Gabor Nagy kennt Medizin von beiden Seiten, aus Sicht der Pflege und der Ärzte. Nach seinem Zivildienst wollte er unbedingt Krankenpfleger werden. Ein erfüllender Beruf. Doch damit war auch seine Neugierde geweckt, tiefer in die Medizin einzudringen. Er studierte in Leipzig Medizin, kam 2011 als Assistenzarzt nach Glauchau, absolvierte seinen Facharzt für Anästhesiologie und Intensivmedizin, arbeitete als Oberarzt auf der Intensivstation und als OP-Manager bevor er die dortige Rettungsstelle übernahm. Die Intensivmedizin und die Notarzttätigkeit seien seine Leidenschaft. Das schnelle Reagieren, das Übersicht-Behalten, das Organisieren und Strukturieren in ständig neuen Situationen – das mögen andere als Stress empfinden, für ihn macht es den Job erst aus.
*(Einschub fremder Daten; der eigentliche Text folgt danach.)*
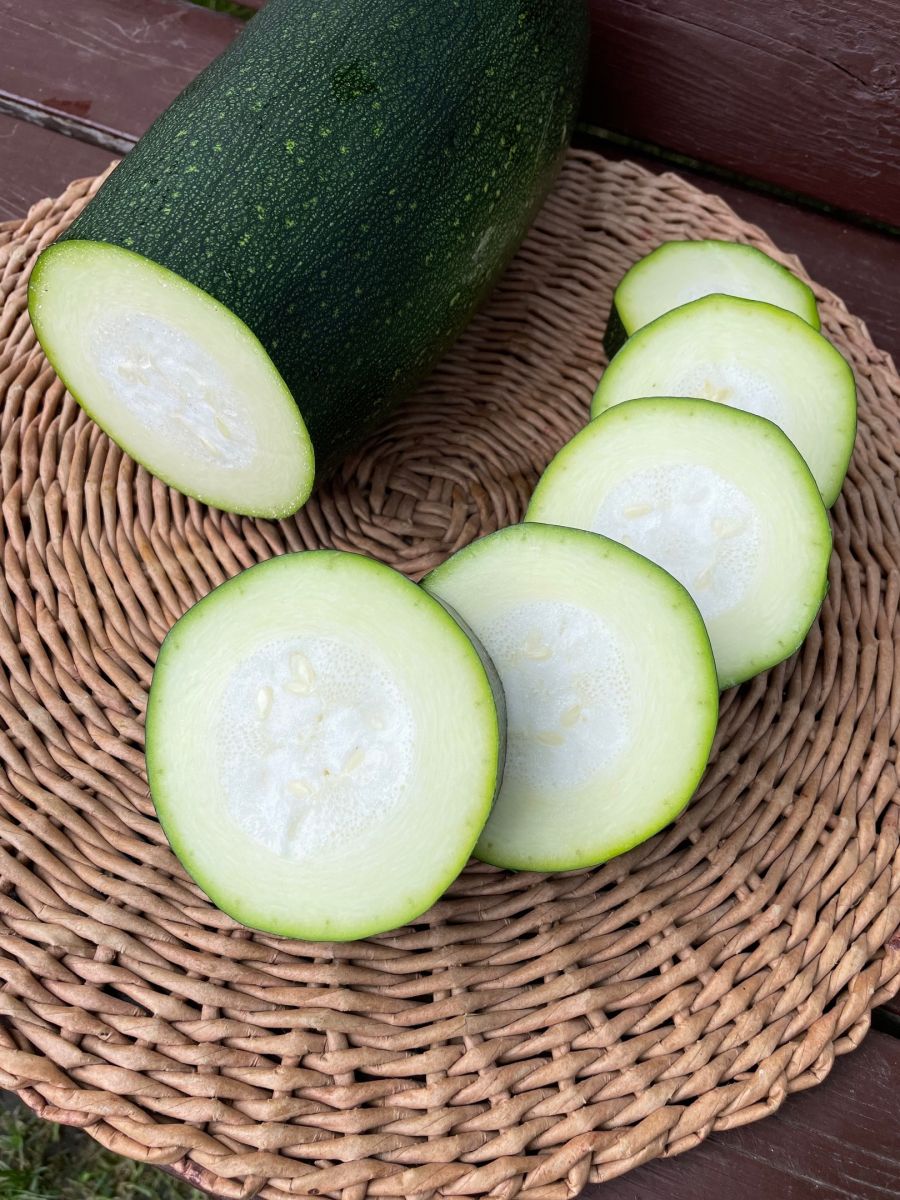 Раннеспелый, высокоурожайный, кустовой сорт. Плоды цилиндрической формы, выровненные, тёмно-зелёные, гладкие, глянцевые, массой до 1,2 кг. Мякоть белая, плотная, нежная, сочная.Ценность сорта: раннее и дружное и обильное формирование урожая, высокие вкусовые качества плодов. Рекомендуется для кулинарной переработки и консервирования...

Privat ist Gabor Nagy ein Familienmensch. Er ist Vater von vier Kindern und spricht von der besten Ehefrau der Welt. Die Biologin ist Kuratorin der naturwissenschaftlichen Sammlung im Naturalienkabinett Waldenburg, Nagy empfiehlt es als Ausflugstipp. Musikalisch gehört seine große Leidenschaft der eher gitarrenlastigen Musik, sein Held heißt Lemmy Kilmister.
Einen Monat lang haben die beiden jetzt zusammengearbeitet. Zum 1. April wird der eine gehen, der andere allein übernehmen. Ein neuer Abschnitt beginnt für beide.